**Task details**:
The lines from the one containing "Stekt kyllinglår med" through the last line below, both ends included, must be reproduced exactly, with no pictures.

**Provided material**:
▬▬▬▬▬▬▬▬▬▬
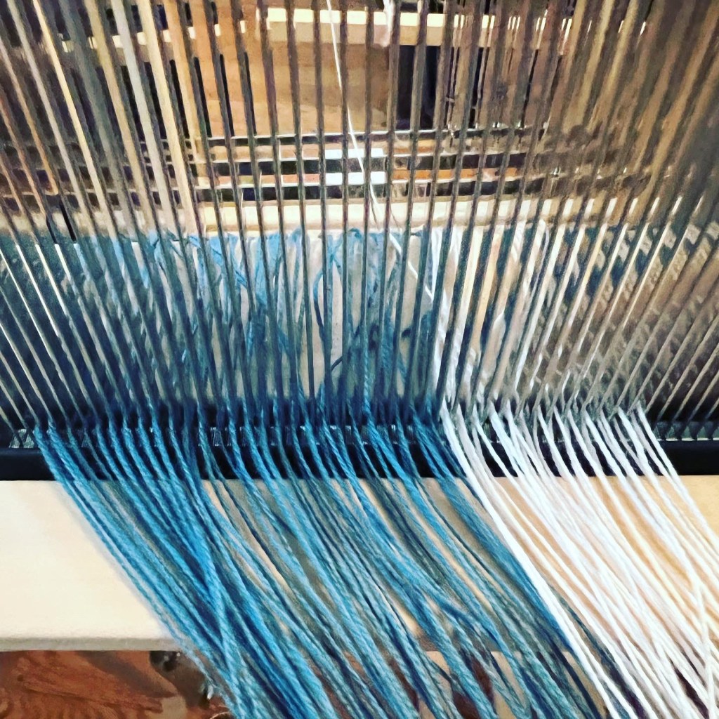 […] it arrived I warped up my loom which was very tedious because both the heddles and the reed had to be double threaded because the […]
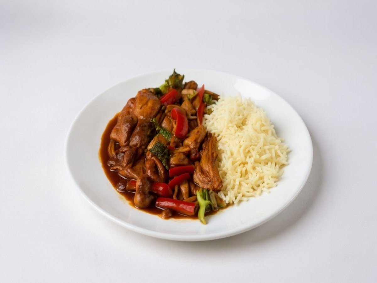 Stekt kyllinglår med soyasaus, løk, brokkoli, paprika og vårløk.
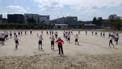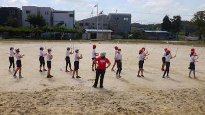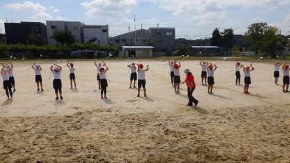 6年生は体育で、伊保っ子体育フェスタに向けて練習が始まっています。今週は5年生に教えられるように、6年生だけでトーチワークの隊形移動を練習しています。音楽に合わせて、トーチを回しながら隊形を移動し、きれいな円を作りました。
▬▬▬▬▬▬▬▬▬▬
**Answer**:
 Stekt kyllinglår med soyasaus, løk, brokkoli, paprika og vårløk.
 6年生は体育で、伊保っ子体育フェスタに向けて練習が始まっています。今週は5年生に教えられるように、6年生だけでトーチワークの隊形移動を練習しています。音楽に合わせて、トーチを回しながら隊形を移動し、きれいな円を作りました。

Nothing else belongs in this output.